* _Given data_
╔══

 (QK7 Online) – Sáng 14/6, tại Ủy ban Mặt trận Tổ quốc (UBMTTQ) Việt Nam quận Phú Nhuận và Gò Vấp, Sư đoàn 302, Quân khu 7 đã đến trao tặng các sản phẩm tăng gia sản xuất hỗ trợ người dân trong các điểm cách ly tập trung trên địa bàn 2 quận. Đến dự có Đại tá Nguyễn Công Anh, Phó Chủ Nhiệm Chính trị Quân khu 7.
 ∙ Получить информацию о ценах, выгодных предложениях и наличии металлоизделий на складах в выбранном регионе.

╚══
╔══

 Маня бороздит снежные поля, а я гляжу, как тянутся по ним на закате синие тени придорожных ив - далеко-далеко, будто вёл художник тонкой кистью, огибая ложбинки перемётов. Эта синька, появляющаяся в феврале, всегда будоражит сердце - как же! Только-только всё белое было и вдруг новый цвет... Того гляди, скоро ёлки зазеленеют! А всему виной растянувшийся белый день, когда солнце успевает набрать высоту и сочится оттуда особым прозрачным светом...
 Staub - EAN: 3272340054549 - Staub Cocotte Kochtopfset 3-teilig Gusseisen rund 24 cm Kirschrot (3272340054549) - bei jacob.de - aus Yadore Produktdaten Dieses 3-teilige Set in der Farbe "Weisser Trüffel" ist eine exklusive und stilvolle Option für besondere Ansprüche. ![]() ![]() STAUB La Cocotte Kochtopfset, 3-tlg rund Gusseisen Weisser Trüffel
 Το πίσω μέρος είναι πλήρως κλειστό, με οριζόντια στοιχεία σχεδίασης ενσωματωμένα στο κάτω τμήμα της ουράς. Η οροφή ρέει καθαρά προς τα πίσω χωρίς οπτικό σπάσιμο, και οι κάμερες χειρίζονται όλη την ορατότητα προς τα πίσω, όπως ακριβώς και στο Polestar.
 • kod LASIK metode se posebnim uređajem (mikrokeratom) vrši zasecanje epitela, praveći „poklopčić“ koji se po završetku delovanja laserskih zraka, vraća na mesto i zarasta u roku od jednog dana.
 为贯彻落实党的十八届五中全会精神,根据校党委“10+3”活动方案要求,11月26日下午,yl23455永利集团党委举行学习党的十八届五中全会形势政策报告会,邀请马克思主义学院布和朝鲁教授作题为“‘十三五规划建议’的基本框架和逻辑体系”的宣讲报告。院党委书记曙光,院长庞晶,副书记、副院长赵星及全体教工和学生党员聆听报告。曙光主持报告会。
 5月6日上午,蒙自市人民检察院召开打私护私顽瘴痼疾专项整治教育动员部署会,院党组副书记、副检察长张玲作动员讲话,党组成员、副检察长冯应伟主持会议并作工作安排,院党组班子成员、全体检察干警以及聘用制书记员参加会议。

╚══

* _Problem requirements_
Please reproduce the lines from the line with "Το πίσω μέρος" to the line with "od jednog dana.", both ends included, exactly as they appear above.

* _Exercise response_
 Το πίσω μέρος είναι πλήρως κλειστό, με οριζόντια στοιχεία σχεδίασης ενσωματωμένα στο κάτω τμήμα της ουράς. Η οροφή ρέει καθαρά προς τα πίσω χωρίς οπτικό σπάσιμο, και οι κάμερες χειρίζονται όλη την ορατότητα προς τα πίσω, όπως ακριβώς και στο Polestar.
 • kod LASIK metode se posebnim uređajem (mikrokeratom) vrši zasecanje epitela, praveći „poklopčić“ koji se po završetku delovanja laserskih zraka, vraća na mesto i zarasta u roku od jednog dana.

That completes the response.